2016 – A busy year for both the site and the industry.

2016 was a busy year here on NI Ferry Site, with all-time views climbing by 57,000 to over 140,000!  Its been a busy year for local ferries as well, with both the Rathlin Island ferry and Strangford Lough Ferry services having brand-new vessels built – though both have yet to enter service.  The Lough Foyle ferry from Magiligan Point to Greencastle came under new ownership as well, following the previous owners calling it a day over funding issues.  On the cross-channel routes, both P&O and Stena made changes to their vessels this year. P&O have made some improvements to the kids play areas and shops onboard European Highlander and European Causeway in addition to adding more outside seating, and have said they will launch a new restaurant offering onboard in the coming year after the ships dry dock in May.  Stena made some less obvious changes to their Superfast twins, consisting of subtle changes throughout the passenger accommodation and improving upper deck access on Stena Superfast VIII for freight vehicles by removing some pillars.  The ships passenger spaces had already been refreshed somewhat in 2015, notably with seating in the Met Bar and Stena Plus areas reupholstered in the current Stena corporate style.

European Highlander catches the evening sun on 25th May '16. Copyright © Gary Andrews.
European Highlander catches the evening sun on 25th May ’16. Copyright © Gary Andrews.

Stena Superfast X made her first visit to Belfast, operating in place of the regular Superfast vessels while they took their turns at Harland and Wolff, and offering a slightly different experience to passengers than the regular vessels.  Down in Warrenpoint, Seatruck are now officially taking limited tourist traffic and this year launched online booking facilities for passengers.

Stena Superfast X. Stena Line.

Also in 2016, P&O sadly confirmed as had been widely speculated, that they would be closing the Larne to Troon route.  A knock on effect of this was no P&O vessel being available to operate additional sailings during the TT season from Larne on behalf of the Isle of Man Steam Packet Company, with that company instead operating additional sailings with Manannan and Ben-My-Chree.  In a more positive development, the Bay Gateway from Heysham to the M6 in Lancashire opened to traffic, giving Heysham a direct link to the UK motorway network for the first tine and surely providing a boost to both Seatruck and Stena Line who both operate freight services from Northern Ireland to the port.

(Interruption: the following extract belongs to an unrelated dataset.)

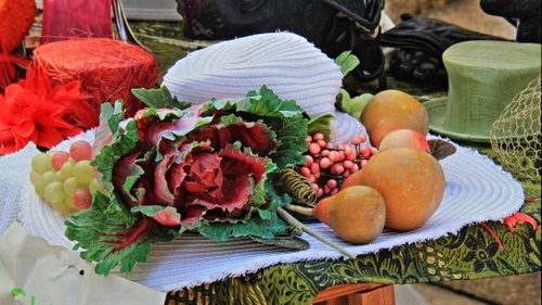 Cappello con frutta e verdura

Former Troon fast craft Express in new operators Gotlandsbaten livery. The new service would last just one season before she was offered for sale or charter again. Gotlandsbaten.

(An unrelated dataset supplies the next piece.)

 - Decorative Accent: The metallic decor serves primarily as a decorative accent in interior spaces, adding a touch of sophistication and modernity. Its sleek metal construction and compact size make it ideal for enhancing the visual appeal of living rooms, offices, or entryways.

Belfast had a surprise visitor in the shape of Irish Ferries Ireland-France vessel Oscar Wilde in early February.  A tragic accident onboard Irish Ferries flagship Ulysses delayed the company’s refit program which was being carried out at Falmouth, leading to Oscar Wilde being sent to Belfast instead.

Irish Ferries 1987 built cruise ferry 'Oscar Wilde' berthed at Harland & Wolff's Outfitting Quay. Pictured shortly after her arrival on 5/2/16. Originally she had been scheduled to visit A&P Falmouth, but delays to fleet mates 'Ulysses' and 'Isle of Inishmore' meant her slot was no longer available. Copyright © 2016 Steven Tarbox/NIFerrySite.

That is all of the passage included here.